**What you have to do**:
Look through the records below for the line holding "performances of short". Write it out exactly, with each following line through the line holding "Po presťahovaní do".

**Records for the task**:
○ ○ ○ ○
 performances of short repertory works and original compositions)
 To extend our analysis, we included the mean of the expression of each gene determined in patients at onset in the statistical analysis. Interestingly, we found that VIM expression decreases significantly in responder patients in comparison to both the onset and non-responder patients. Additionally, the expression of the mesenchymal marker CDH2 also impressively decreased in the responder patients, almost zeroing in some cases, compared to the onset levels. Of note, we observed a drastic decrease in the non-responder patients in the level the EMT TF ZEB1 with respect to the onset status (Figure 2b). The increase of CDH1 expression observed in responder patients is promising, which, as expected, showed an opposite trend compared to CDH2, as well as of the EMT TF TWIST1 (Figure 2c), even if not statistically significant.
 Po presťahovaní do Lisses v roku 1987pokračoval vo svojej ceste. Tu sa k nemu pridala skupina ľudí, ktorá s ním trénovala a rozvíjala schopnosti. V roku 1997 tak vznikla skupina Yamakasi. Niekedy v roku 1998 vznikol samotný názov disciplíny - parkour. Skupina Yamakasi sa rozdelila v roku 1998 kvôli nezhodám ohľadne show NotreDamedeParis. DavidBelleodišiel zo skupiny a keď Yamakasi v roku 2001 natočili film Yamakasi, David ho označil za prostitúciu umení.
○ ○ ○ ○
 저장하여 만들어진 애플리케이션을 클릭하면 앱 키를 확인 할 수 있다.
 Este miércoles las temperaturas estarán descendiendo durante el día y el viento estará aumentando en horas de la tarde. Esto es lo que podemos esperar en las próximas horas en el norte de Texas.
○ ○ ○ ○
**Exercise answer**:
 performances of short repertory works and original compositions)
 To extend our analysis, we included the mean of the expression of each gene determined in patients at onset in the statistical analysis. Interestingly, we found that VIM expression decreases significantly in responder patients in comparison to both the onset and non-responder patients. Additionally, the expression of the mesenchymal marker CDH2 also impressively decreased in the responder patients, almost zeroing in some cases, compared to the onset levels. Of note, we observed a drastic decrease in the non-responder patients in the level the EMT TF ZEB1 with respect to the onset status (Figure 2b). The increase of CDH1 expression observed in responder patients is promising, which, as expected, showed an opposite trend compared to CDH2, as well as of the EMT TF TWIST1 (Figure 2c), even if not statistically significant.
 Po presťahovaní do Lisses v roku 1987pokračoval vo svojej ceste. Tu sa k nemu pridala skupina ľudí, ktorá s ním trénovala a rozvíjala schopnosti. V roku 1997 tak vznikla skupina Yamakasi. Niekedy v roku 1998 vznikol samotný názov disciplíny - parkour. Skupina Yamakasi sa rozdelila v roku 1998 kvôli nezhodám ohľadne show NotreDamedeParis. DavidBelleodišiel zo skupiny a keď Yamakasi v roku 2001 natočili film Yamakasi, David ho označil za prostitúciu umení.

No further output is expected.